# Hello From Colorado



## Frater Cliff Porter (Aug 27, 2009)

Cliff Porter here.  I am fairly active in the e-Masonic world.  I post mostly at TSS, but also have a blog www.therelevantmason.com and a booksite www.masonicbaptism.com and do a little Masonic FB'ing as well.
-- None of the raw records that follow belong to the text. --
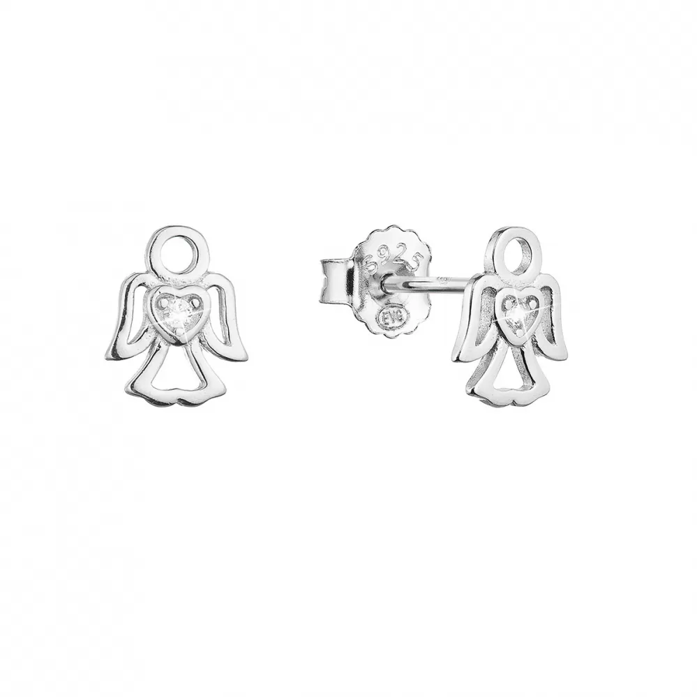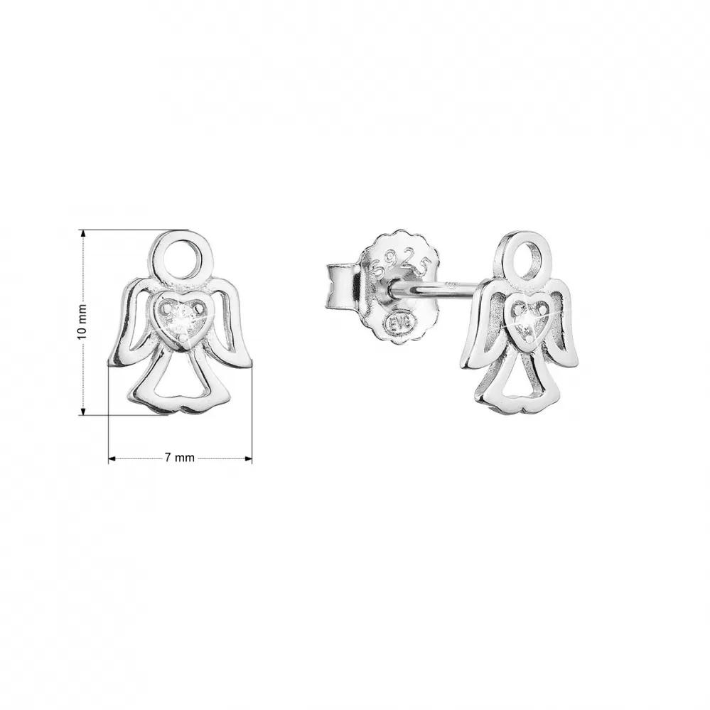 Strieborné náušnice malý anjel so zirkónom tvaru srdiečka 11457.1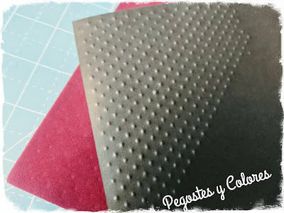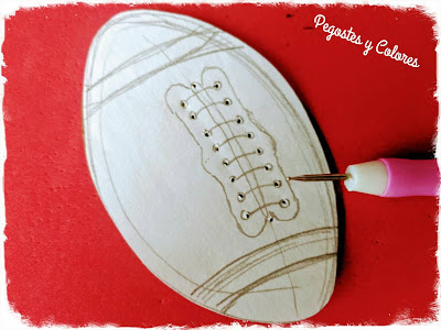 7.- Para hacer el balón de fútbol americano, coloque cartón café sobre una hoja de foamy y encima un estencil de puntitos. Esto lo hice porque yo no tengo maquina y placas para hacer embossing. Tome un bolillo para embossing (repujado) que tuviera el mismo diámetro de los orificios e hice presión en cada uno de ellos, para marcar suavemente sin romper. Esto lo hice solo en un segmento del cartón, calculando cuanto iba a necesitar para un balón.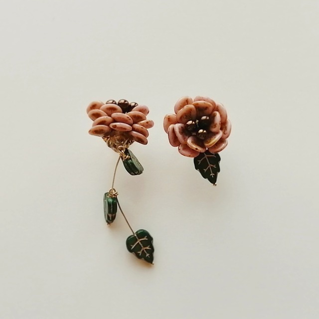 庭の女王芍薬の 凛とした姿に魅了され生まれた アシンメトリータイプのガーデンジュエリーです。 U.S.チェコより仕入れた ボヘミアンビーズを使用しています。 イヤリングは イヤーカフのようにして ご着用いただくことも可能です。(画像参照) アンティーク感のある くすみ系のローズカラーは、 オールシーズンお楽しみいただける 万能カラーです。 --------------------------------------- Blooming Antique Rose 素材:ボヘミアンガラスビーズ(US)/合金/テグス タイプ:ピアス/イヤリング/14kgfピアス 重さ:ショート6g / ロング8g 長さ:6.5cm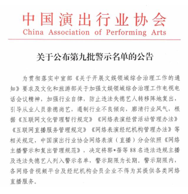 中國演出行業(yè)協(xié)會網(wǎng)絡(luò)表演(直播)分會近日發(fā)布了第九批網(wǎng)絡(luò)主播警示名單,包括“鐵山靠”“郭老師”兩名職業(yè)主播和“吳亦凡”“鄭爽”“張哲瀚”三名演員在內(nèi)的88名主播將在行業(yè)內(nèi)被實行聯(lián)合抵制和懲戒。這是違法失德藝人首次被納入網(wǎng)絡(luò)主播警示名單中,防止劣跡藝人轉(zhuǎn)移陣地復出。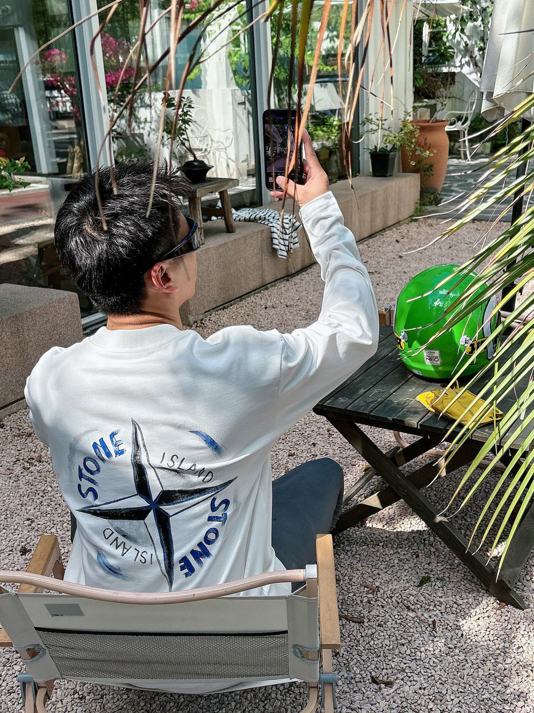 Имейте в виду, что состав ткани и конкретный цвет изделия могут варьироваться в зависимости от партии и техники нанесения росписи. Рекомендуется учитывать стандартную посадку изделия в линейке STONE ISLAND при выборе размера.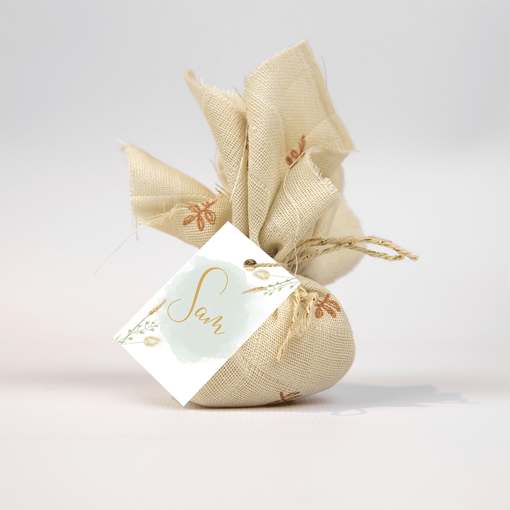 Een lief labeltje die het geboortekaartje of de doopsuikers een leuke extra geeft. Het labeltje is versierd met takjes en waterverf. Pas de naam gemakkelijk en snel aan in onze online editor!
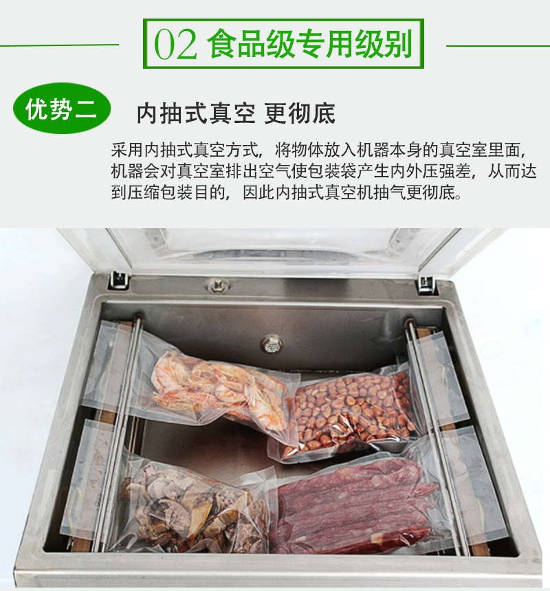 - 無論是干燥的顆粒狀食品,如大米、豆類,還是含有較多水分的食品,如泡菜、鹵制品,都能進行有效的真空包裝。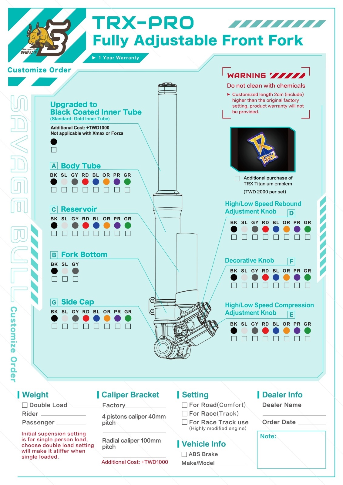 Savage Bull TRX-PRO 4wayフルアジャスタブルフロントフォーク[グリファス/X FORCE/マジェスティS] [SB-TRXP-]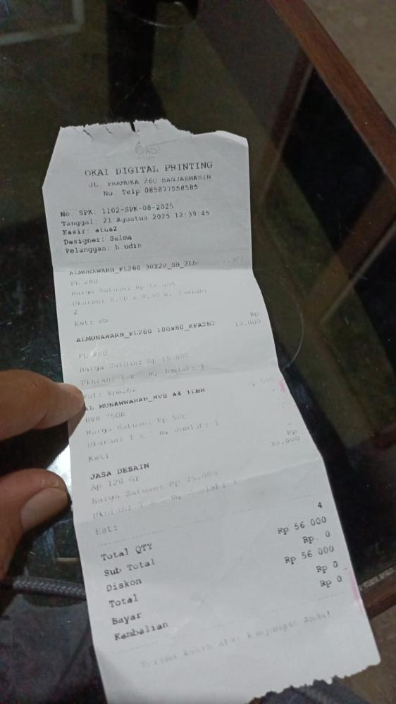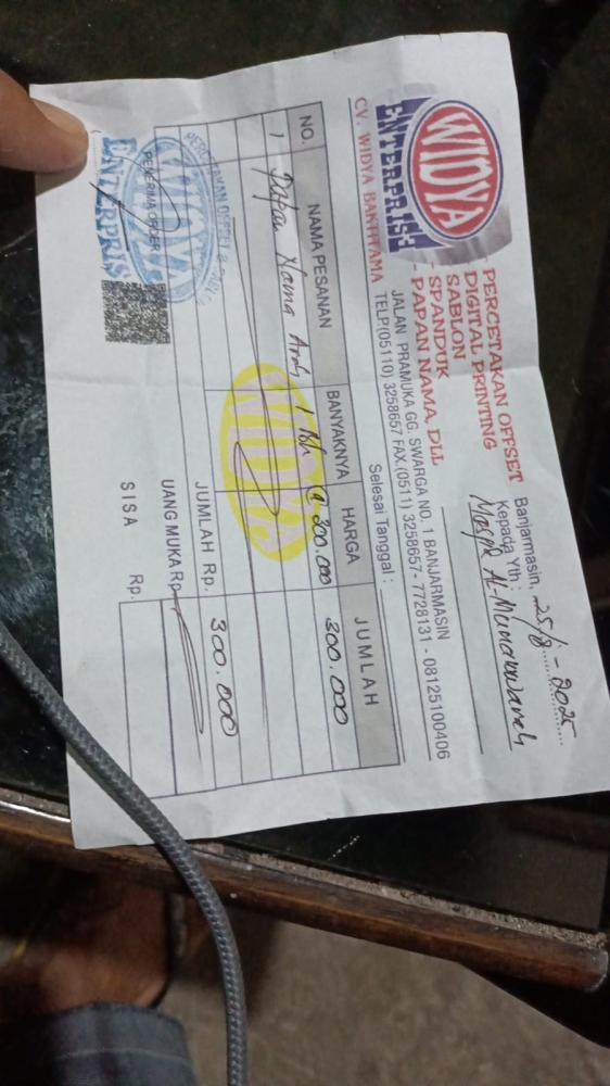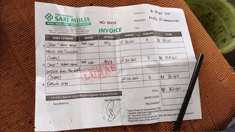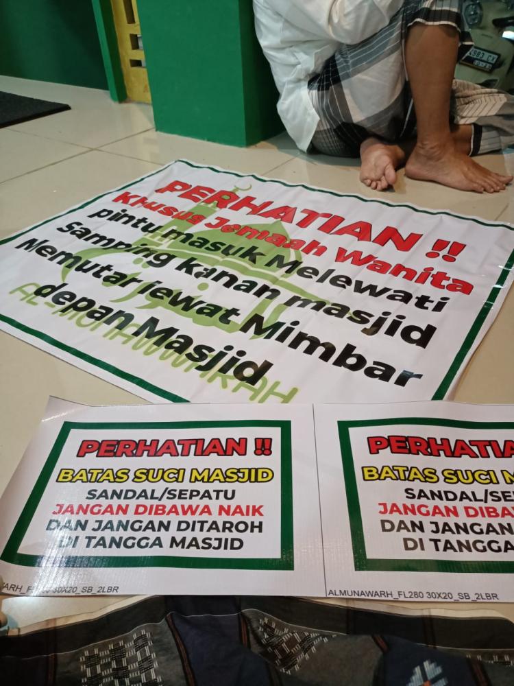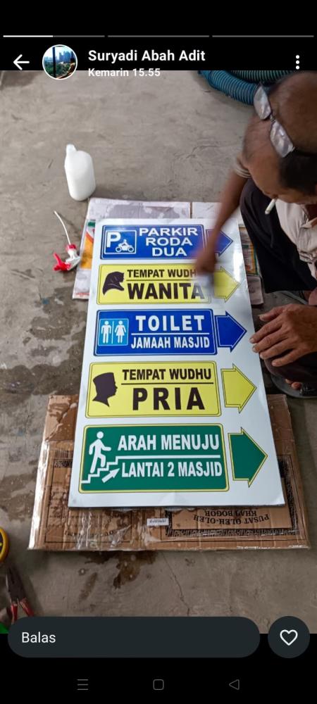 Biaya Cetak 1 buah Papan Penunjuk Arah tempat wudhu dan tangga lantai 2

I am a member of Enlightenment Lodge 198 and stay active in the appendant bodies as well.  

Thank you for the invite.


----------



## TCShelton (Aug 27, 2009)

Welcome aboard.


----------



## HKTidwell (Aug 27, 2009)

Welcome to Masons of Texas!


----------



## owls84 (Aug 27, 2009)

Don't let the name fool ya, Masons Of Texas, We encourage the views of other Jurisdictions. I look forward to your addition to the Forums and helping us make Masonry that much better. 

Welcome to MoTX.


----------



## Sirius (Aug 27, 2009)

Salve Frater! Howdy and welcome my brother.


----------



## Nate Riley (Aug 27, 2009)

Welcome, Brother!


----------



## Blake Bowden (Aug 27, 2009)

Welcome to the Forums my Brother. Please let me know if I may be of assistance.


----------



## Bro. Kurt P.M. (Sep 2, 2009)

Welcome to the forums


----------



## JTM (Sep 2, 2009)

welcome to the forums


----------



## JTM (Sep 2, 2009)

Welcome!


----------



## RedTemplar (Sep 2, 2009)

Welcome, Frater Cliff, the Brethren around here will certainly enjoy you presence.


----------